If you learn to talk to yourself in ways that keep you focused and positive, so that you are filling your head with good technical instruction as well as positive thoughts, it changes the way you feel and replaces fear with confidence.
“A change of script to a positive statement reflects what you want to happen. For instance, you might say, “The creek will be a real challenge. I know that by asking for horse’s attention before we reach the creek, my horse will do the right thing and I’ll feel great.” Or, as she tells herself when cutting, “Stay cool, Barb, keep your eye on the cow.....” By creating this different set in your mind, you give yourself a whole new emotional response to the situation. When you realize you have control over your response to the situation, it empowers you and you have fun.” And fun is an important aspect of being with horses, Barbra fervently believes.
Visualization is the other mental skill you apply, coaching yourself by visualizing the successful execution of what you want to do. As you approach the creek, you visualize you and your horse crossing it confidently, calmly and safely. Visualization is about habits -- used positively it creates good habits. Used negatively visualization can start bad habits by sending the wrong instructions to the sub-conscious. “Create an image in your mind that is compelling and exciting,” Barbra says. “Coach yourself to maintain and high, positive emotional state. Visualization should be fun,” she adds. “it should take you to a place where you have a magic wand to create whatever you want.”

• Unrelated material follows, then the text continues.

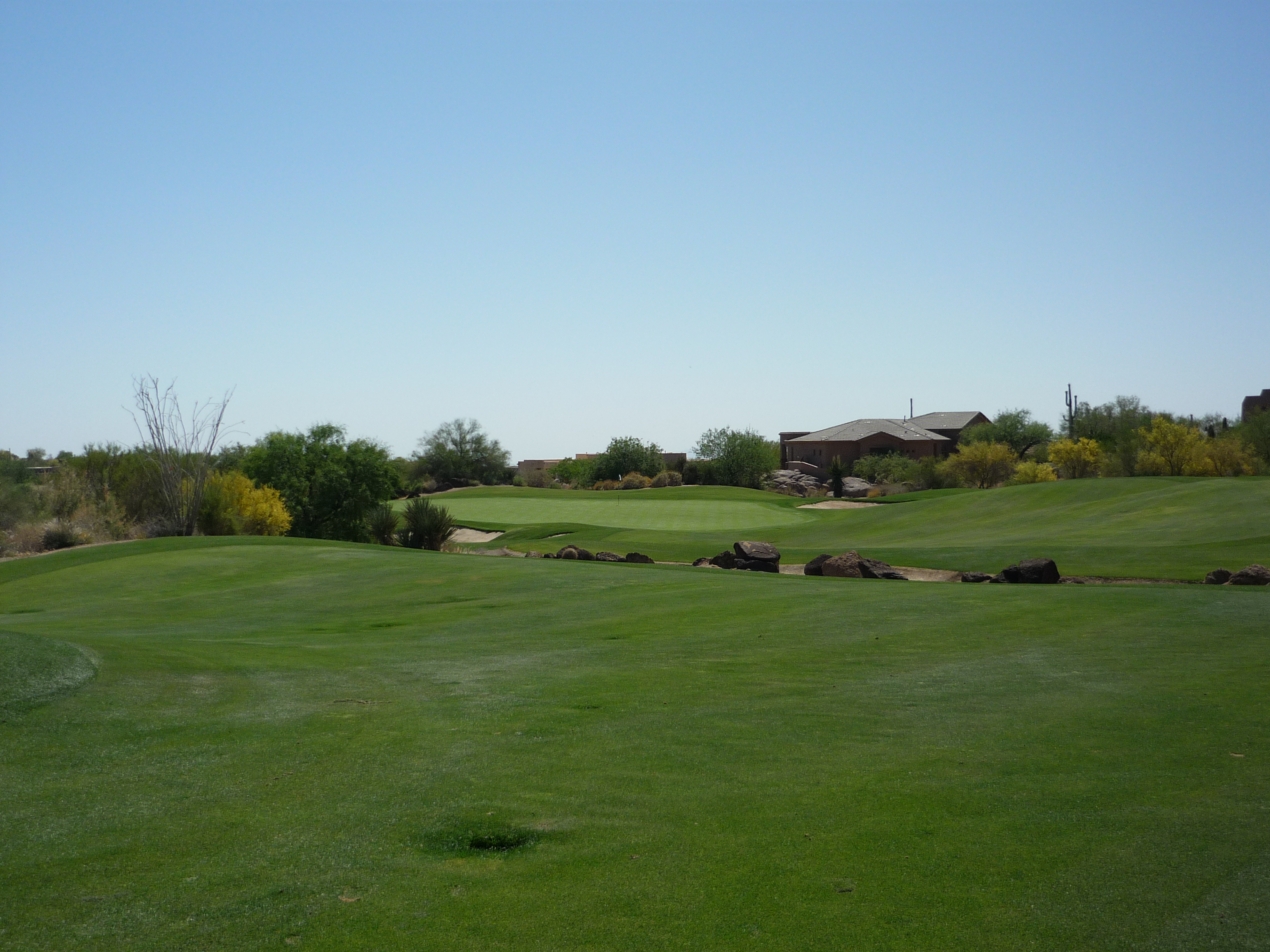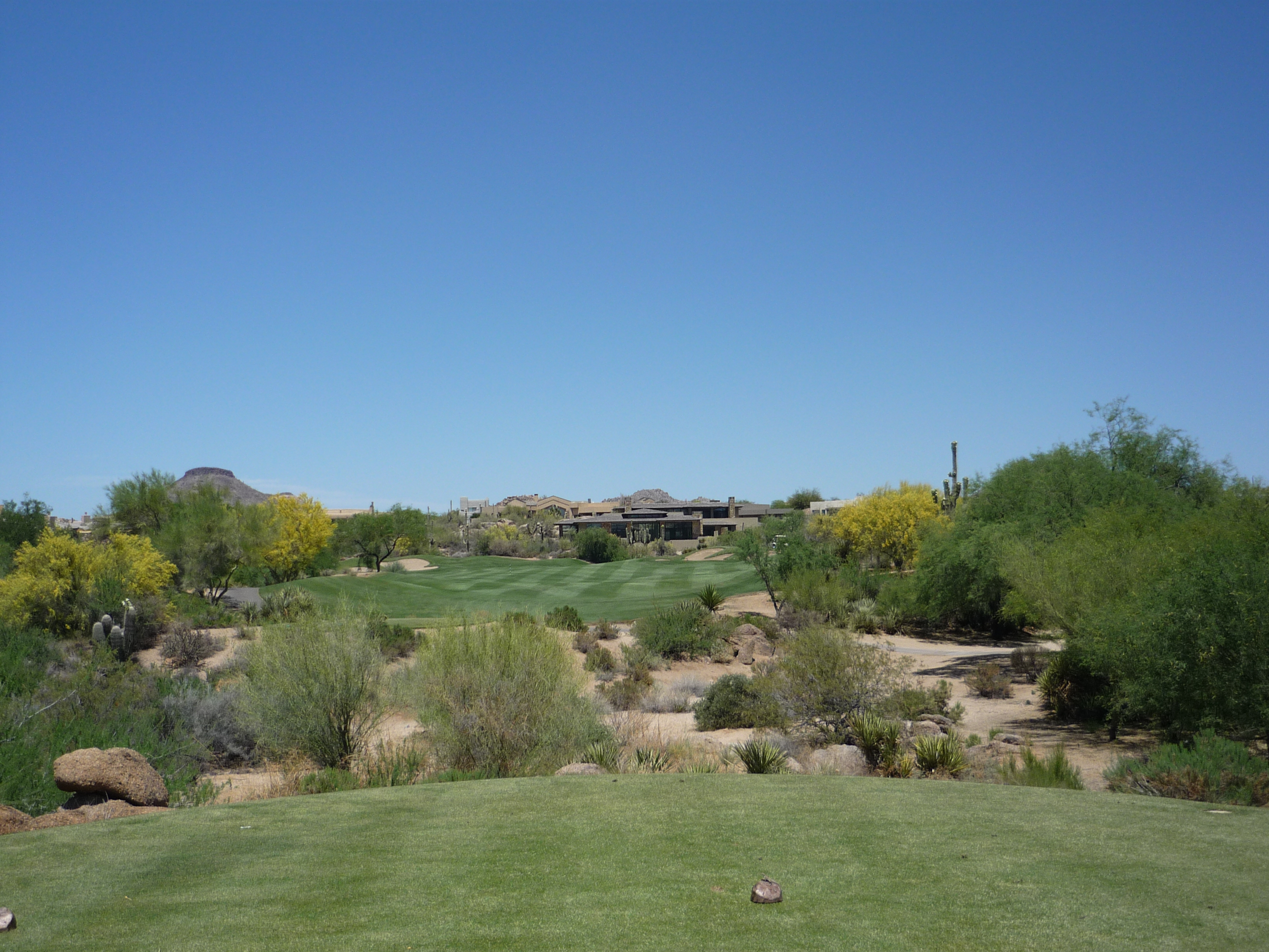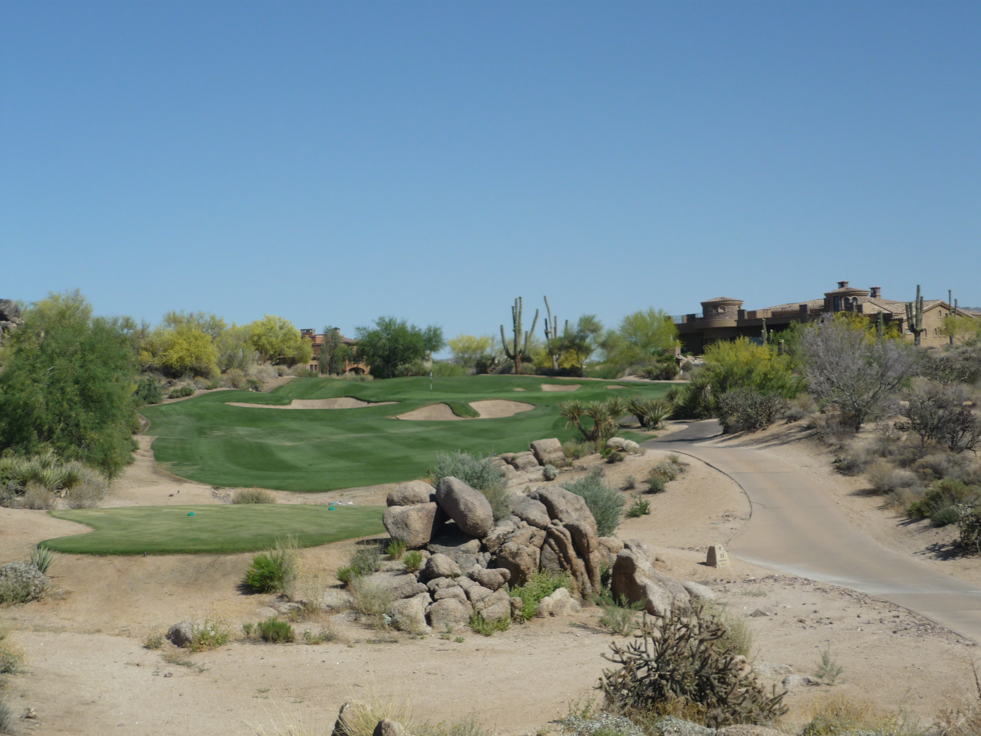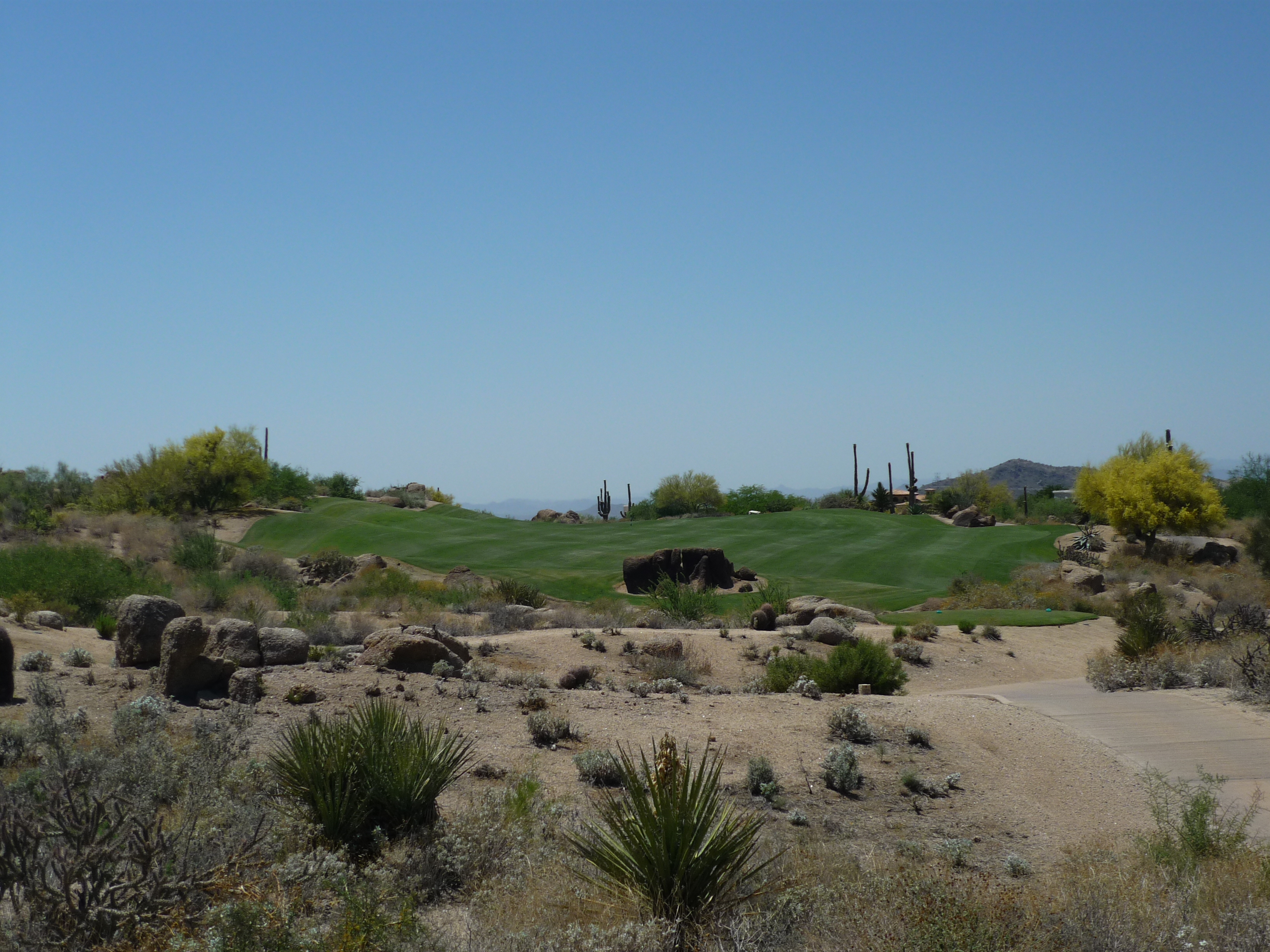 As you turn the corner the desert runs across the fairway and makes you think on a layup. Once past that area there isn’t much trouble around the green.

Lastly, Mental Toughness involves Acting. If you something to happen, you act it. For instance, if you want to feel confident, you act confident. You sit up straight, spine straight but relaxed, chin up, breathing regular, eyes ahead.. Your body tells your mind, I’m confident and vice versa. “What you do with your body will lead to the emotion, “ Barbra explains.
With that, she leaps onto a 3 year old cutting horse in training and moves out to survey the cows. But not before turning and squeezing in one last piece of advice.
“Keep it fun,” she says with a smile. “Isn’t that why you got involved with horses in the first place? Keep asking yourself, “What makes it good for me?”
If you’re in a situation that’s not fun, no one else is responsible for changing that except yourself.”